Giovanni Bellini, Sacred Allegory, 1490-1500, Galleria degli Uffizi, Florence, Oil on panel, 73 x 119 cm.

 Giorgione, Tempest,, Gallerie dell'Accademia, Venice, Oil on canvas, 82 x 73 cm.

 Bonifazio di Pitati, Dives and Lazarus, 1540s, Gallerie dell'Accademia, Venice, Oil on canvas, 204 x 436 cm.

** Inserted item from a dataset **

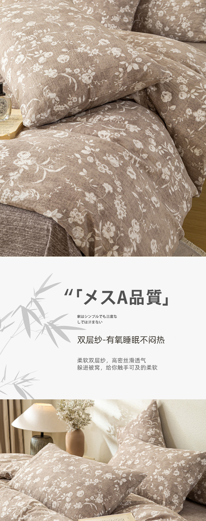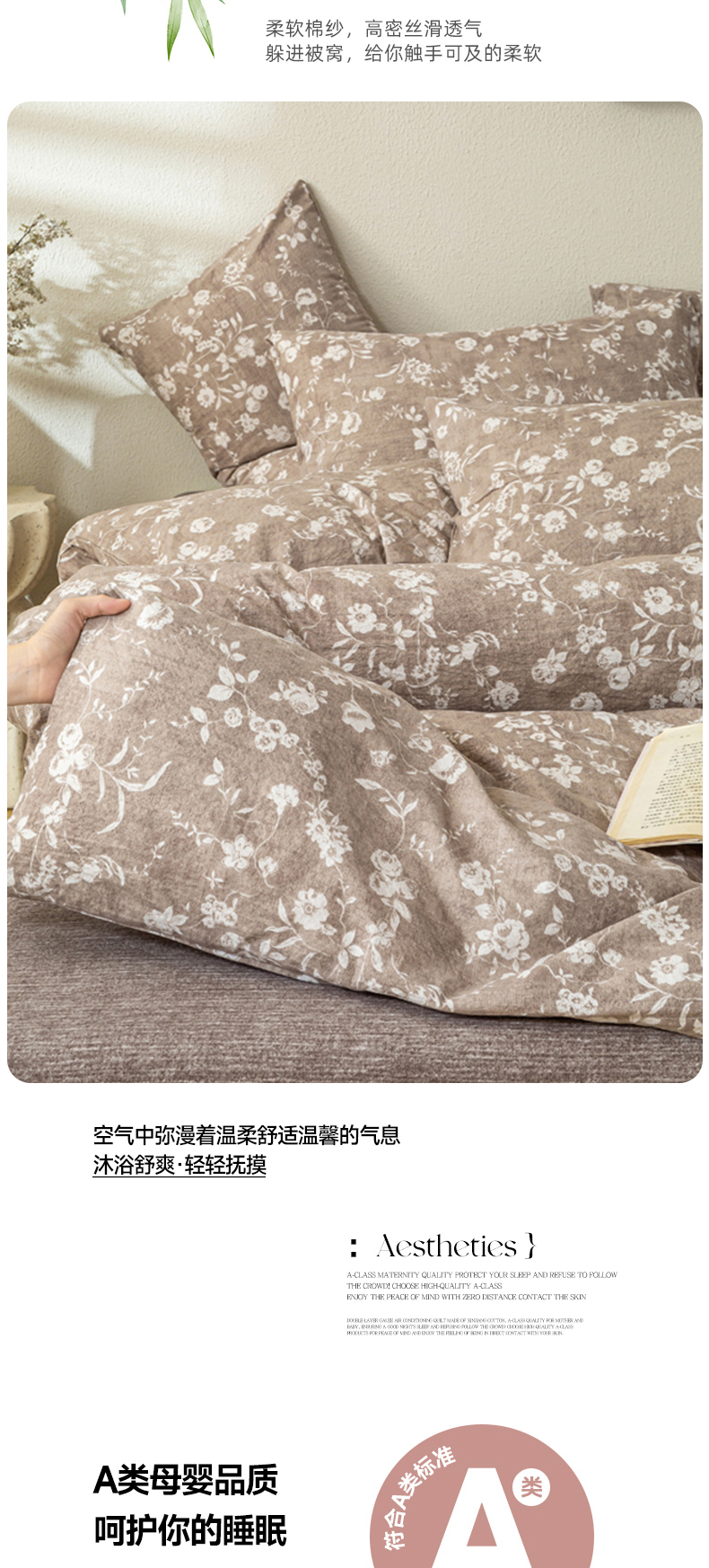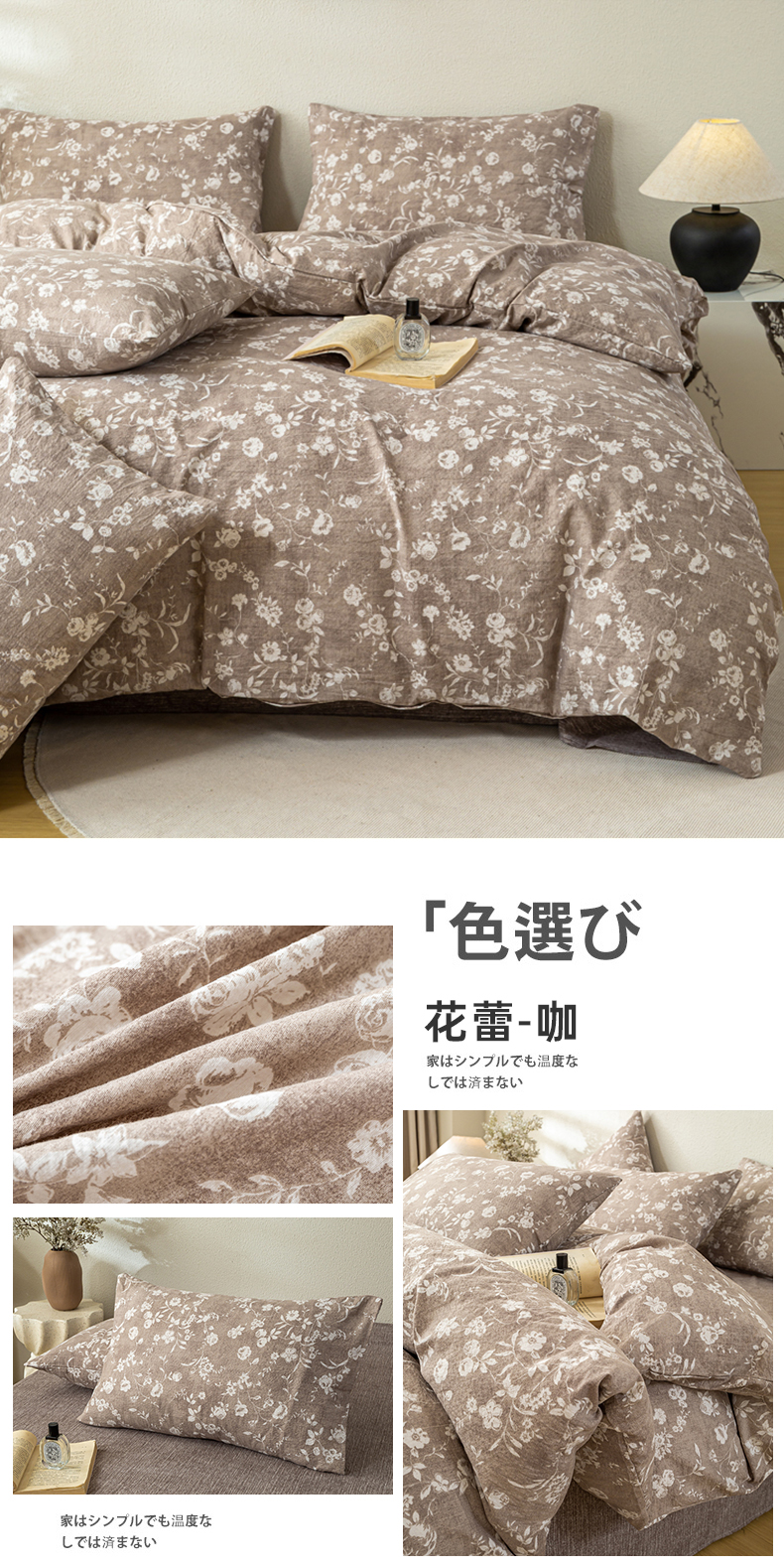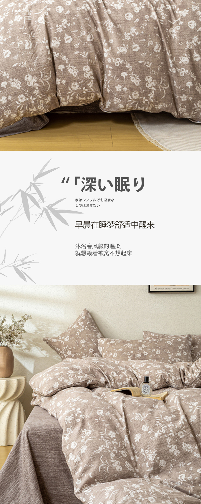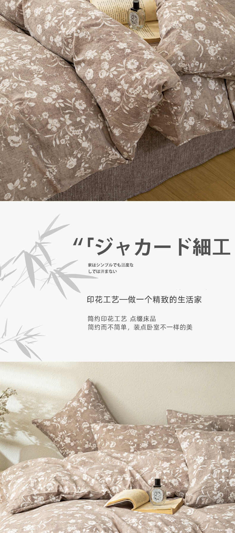 商品名称:漫仙阁家纺 2025新款加厚高克重原麻复古风印花四件套 花蕾-咖

Bridging the gap between Venetian portraits studied last week and the more complex realm of allegory is Titian’s unique image of his family and a group of animals! This is an intriguing painting which invites a range of interpretations and thought about its purpose. However, before proceeding further, it is a good idea to clarify what allegory is: allegory derives from the Greek allegoria which means “speaking otherwise.” Allegory has also been defined as an extended metaphor. The symbolic meaning is usually expressed through personifications and other symbols, as with our three animals here, which, according to one salient reading, symbolise aspects of time. Related allegorical forms are the fable and the parable, which are didactic, comparatively short and simple allegories. The “Allegory of Prudence” was famously decoded by Erwin Panofsky who argued convincingly that the picture’s function was a “lid” to cover a receptacle containing Titian’s will which involved his son Orazio and heir Marco, both of whose portraits, along with Titian’s, he said were shown here. Despite some counter-proposals, and reservations about the resemblance of the heads to Titian’s family, Panofsky’s reading of the painting as an artistic testament has gone almost unchallenged.[1]  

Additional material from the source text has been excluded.